<<<<
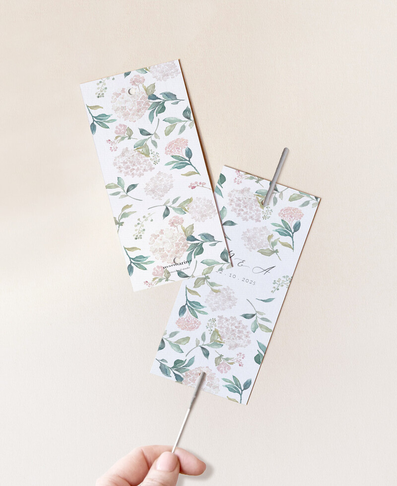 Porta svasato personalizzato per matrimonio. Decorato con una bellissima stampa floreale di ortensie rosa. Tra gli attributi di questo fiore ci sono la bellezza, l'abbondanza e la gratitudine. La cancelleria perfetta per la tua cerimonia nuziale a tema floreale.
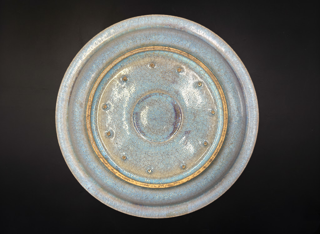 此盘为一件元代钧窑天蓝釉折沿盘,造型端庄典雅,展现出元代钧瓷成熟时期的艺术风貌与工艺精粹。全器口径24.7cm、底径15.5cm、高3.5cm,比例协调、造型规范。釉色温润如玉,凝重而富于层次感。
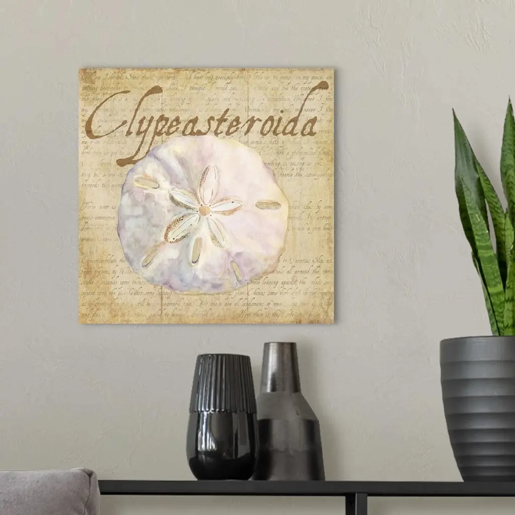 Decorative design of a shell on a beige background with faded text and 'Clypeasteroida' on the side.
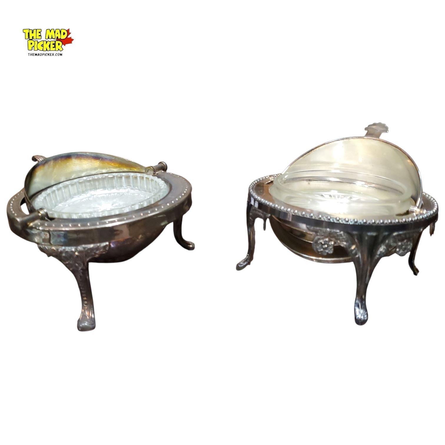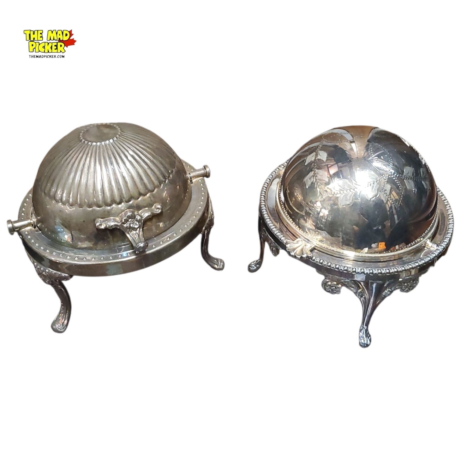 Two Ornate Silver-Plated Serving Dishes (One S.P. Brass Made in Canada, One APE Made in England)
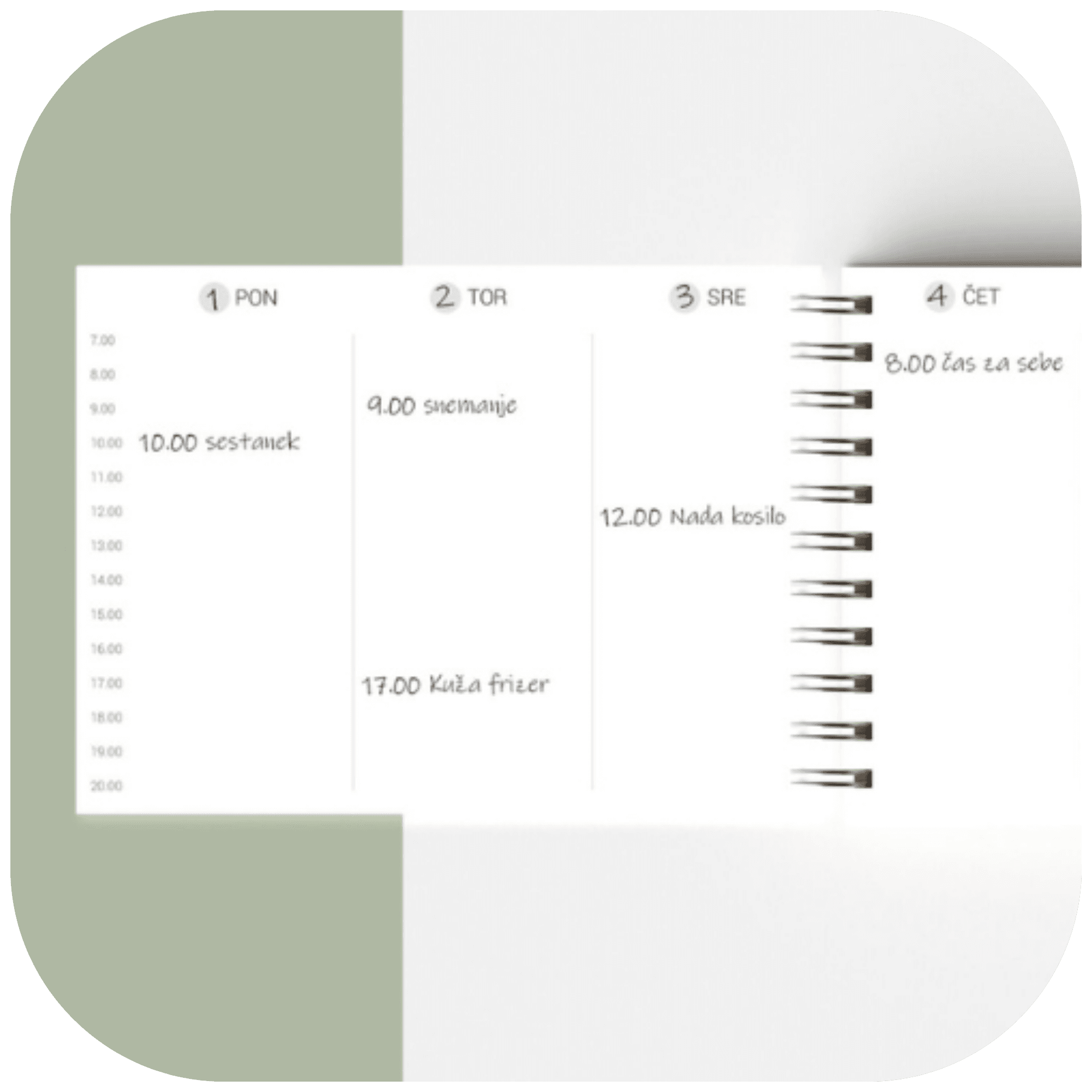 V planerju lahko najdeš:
>>>>
Could you copy the data above exactly, leaving the pictures out?

 Porta svasato personalizzato per matrimonio. Decorato con una bellissima stampa floreale di ortensie rosa. Tra gli attributi di questo fiore ci sono la bellezza, l'abbondanza e la gratitudine. La cancelleria perfetta per la tua cerimonia nuziale a tema floreale.
 此盘为一件元代钧窑天蓝釉折沿盘,造型端庄典雅,展现出元代钧瓷成熟时期的艺术风貌与工艺精粹。全器口径24.7cm、底径15.5cm、高3.5cm,比例协调、造型规范。釉色温润如玉,凝重而富于层次感。
 Decorative design of a shell on a beige background with faded text and 'Clypeasteroida' on the side.
 Two Ornate Silver-Plated Serving Dishes (One S.P. Brass Made in Canada, One APE Made in England)
 V planerju lahko najdeš:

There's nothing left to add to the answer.